■ Exercise materials
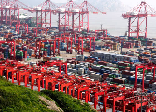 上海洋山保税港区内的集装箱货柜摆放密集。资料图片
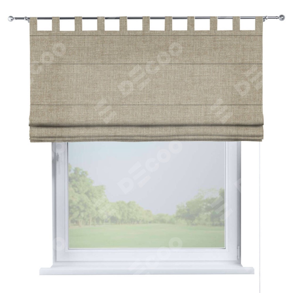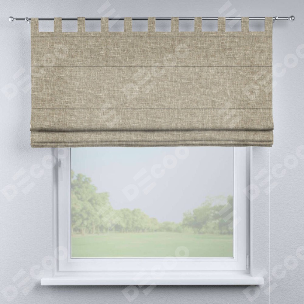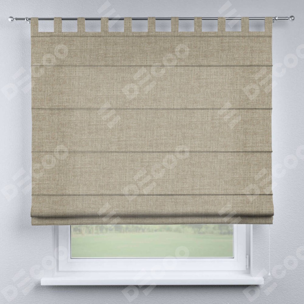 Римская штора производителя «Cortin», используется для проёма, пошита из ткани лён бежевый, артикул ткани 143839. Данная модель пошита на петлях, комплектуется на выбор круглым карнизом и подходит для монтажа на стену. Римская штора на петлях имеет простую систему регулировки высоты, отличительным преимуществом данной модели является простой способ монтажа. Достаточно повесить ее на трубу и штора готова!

---

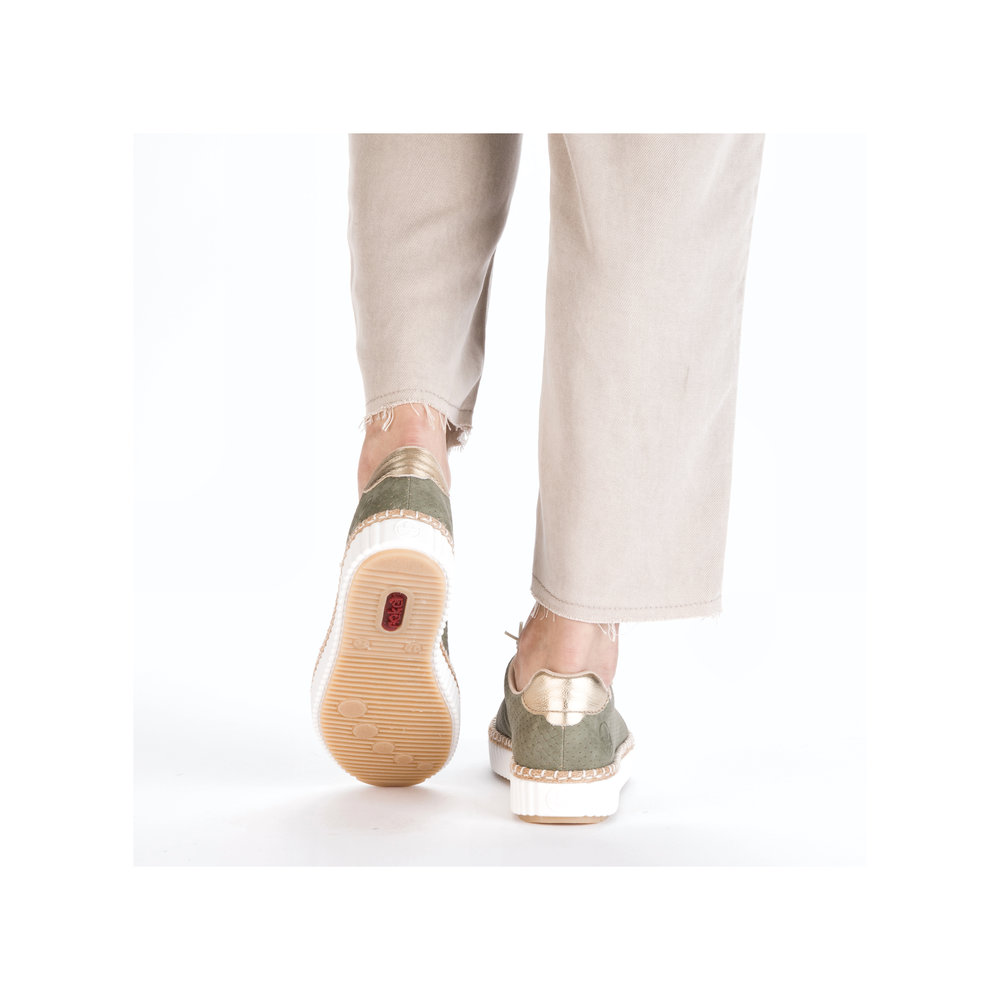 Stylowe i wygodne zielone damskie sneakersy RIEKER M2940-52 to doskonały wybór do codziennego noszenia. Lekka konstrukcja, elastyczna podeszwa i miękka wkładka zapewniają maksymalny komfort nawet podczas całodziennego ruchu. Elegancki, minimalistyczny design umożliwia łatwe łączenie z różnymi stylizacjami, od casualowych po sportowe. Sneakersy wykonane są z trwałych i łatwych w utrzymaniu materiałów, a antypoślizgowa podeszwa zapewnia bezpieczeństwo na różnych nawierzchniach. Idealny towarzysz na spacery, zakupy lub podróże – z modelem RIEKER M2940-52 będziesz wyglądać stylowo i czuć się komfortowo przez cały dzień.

---

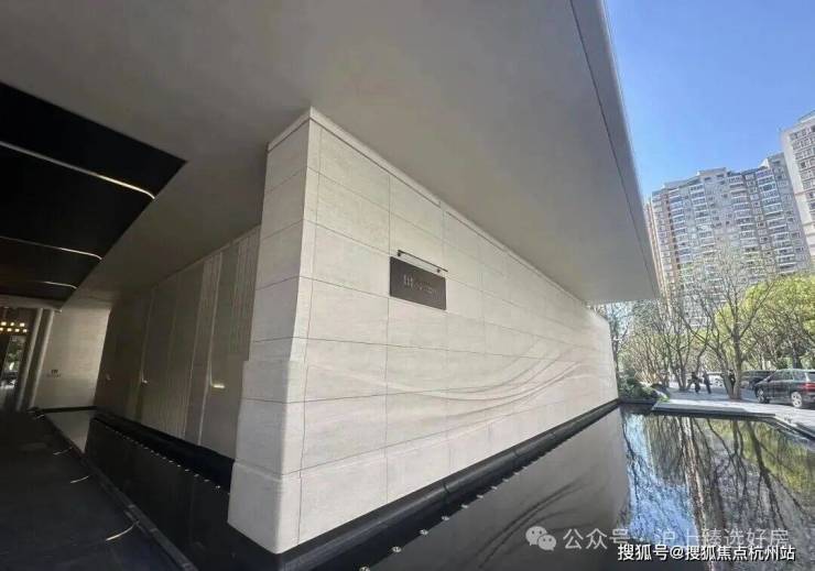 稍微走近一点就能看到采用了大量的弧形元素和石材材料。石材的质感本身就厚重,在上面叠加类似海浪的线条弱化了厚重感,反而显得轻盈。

■ To do
Above are the records; please give again, exactly and in full, only the lines that run from the line with "上海洋山保税港区内的集装箱货柜摆放密集。资料图片" through the line with "Римская штора производителя", with no pictures.

■ Task output
 上海洋山保税港区内的集装箱货柜摆放密集。资料图片
 Римская штора производителя «Cortin», используется для проёма, пошита из ткани лён бежевый, артикул ткани 143839. Данная модель пошита на петлях, комплектуется на выбор круглым карнизом и подходит для монтажа на стену. Римская штора на петлях имеет простую систему регулировки высоты, отличительным преимуществом данной модели является простой способ монтажа. Достаточно повесить ее на трубу и штора готова!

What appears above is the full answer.